No name resembling Tanpiju (G.T., Tanpigui; Pauthier, Tacpiguy,
Carpiguy, Capiguy; Ram., Tapinzu) belongs, so far as has yet been
shown, to any considerable town in the position indicated.[2] Both
Pauthier and Mr. Kingsmill identify the place with Shao-hing fu, a large
and busy town, compared by Fortune, as regards population, to Shang-hai.
Shao-hing is across the broad river, and somewhat further down than
Hang-chau: it is out of the traveller's general direction; and it seems
unnatural that he should commence his journey by passing this wide river,
and yet not mention it.
For these reasons I formerly rejected Shao-hing, and looked rather to
Fu-yang as the representative of Tanpiju. But my opinion is shaken when I
find both Mr. Elias and Baron Richthofen decidedly opposed to Fu-yang, and
the latter altogether in favour of Shao-hing. "The journey through a
plenteous region, passing a succession of dwellings and charming gardens;
the epithets 'great, rich, and fine city'; the 'trade, manufactures, and
handicrafts,' and the 'necessaries in great plenty and cheapness,' appear
to apply rather to the populous plain and the large city of ancient fame,
than to the small Fu-yang hien ... shut in by a spur from the hills, which
would hardly have allowed it in former days to have been a great city."
(Note by Baron R.) The after route, as elucidated by the same authority,
points with even more force to Shao-hing.
[Mr. G. Phillips has made a special study of the route from Kinsay to
Zaytun in the T'oung Pao, I. p. 218 seq. (The Identity of Marco
Polo's Zaitun with Changchau). He says (p. 222): "Leaving Hangchau by
boat for Fuhkien, the first place of importance is Fuyang, at 100 li
from Hangchau. This name does not in any way resemble Polo's Ta Pin Zu,
but I think it can be no other." Mr. Phillips writes (pp. 221-222) that by
the route he describes, he "intends to follow the highway which has been
used by travellers for centuries, and the greater part of which is by
water." He adds: "I may mention that the boats used on this route can be
luxuriously fitted up, and the traveller can go in them all the way from
Hangchau to Chinghu, the head of the navigation of the Ts'ien-t'ang River.

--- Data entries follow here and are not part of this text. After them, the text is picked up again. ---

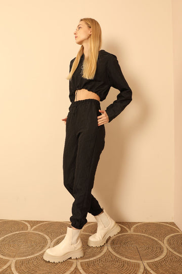 KKT Jakar Fabric Onion Pattern Women Sweatpants-Black - Toluca
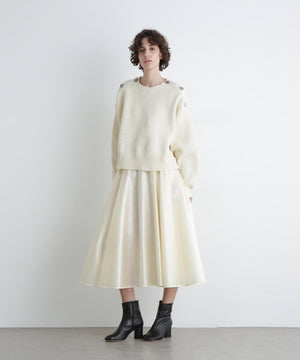 ボリューム感と高伸縮性のあるポリエステルにソフト加工を施して多本取りにした素材で仕立てました。
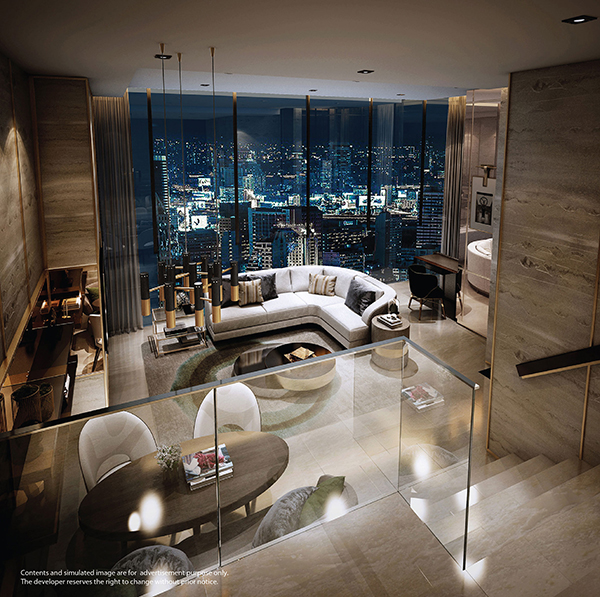 - ส่วนกลาง : Lobby Lounge, Garden, Sunken Seating, Swimming Pool, Kid's Pool, Jacuzzi, Fitness, Private Fitness, Steam Room, Sauna Room, Massage Room, Library, Cinema Room, Business Lounge, Sky Deck, Social Club & Wine Bar and Outdoor Lounge with Garden Rooftop Deck
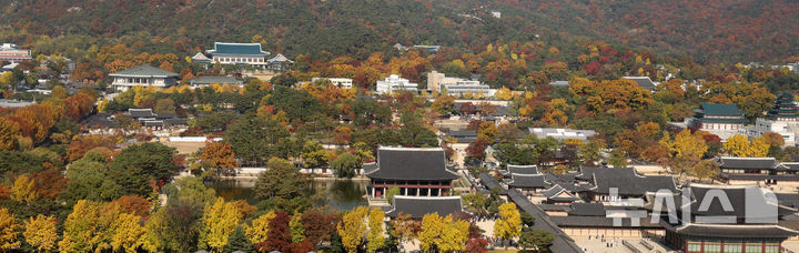 [서울=뉴시스] 추상철 기자 = 완연한 가을 날씨를 보인 9일 오후 서울 종로구 경복궁 주변이 울긋불긋한 단풍으로 물들고 있다. 2025.11.09. [email protected]

At this Chinghu, they disembark and hire coolies and chairs to take them
and their luggage across the Sien-hia pass to Puching in Fuhkien. This
route is described by Fortune in an opposite direction, in his Wanderings
in China, vol. ii. p. 139. I am inclined to think that Polo followed this
route, as the one given by Yule, by way of Shao-hing and Kin-hua by land,
would be unnecessarily tedious for the ladies Polo was escorting, and
there was no necessity to take it; more especially as there was a direct
water route to the point for which they were making. I further incline to
this route, as I can find no city at all fitting in with Yenchau,
Ramusio's Gengiu, along the route given by Yule."
In my paper on the Catalan Map (Paris, 1895) I gave the following
itinerary: Kinsay (Hang-chau), Tanpiju (Shao-hing fu), Vuju (Kin-hwa fu),
Ghiuju (K'iu-chau fu), Chan-shan (Sui-chang hien), Cuju (Ch'u-chau),
Ke-lin-fu (Kien-ning fu), Unken (Hu-kwan), Fuju (Fu-chau), Zayton (Kayten,
Hai-t'au), Zayton (Ts'iuen-chau), Tyunju (Tek-hwa).
Regarding the burning of the dead, Mr. Phillips (T'oung Pao, VI.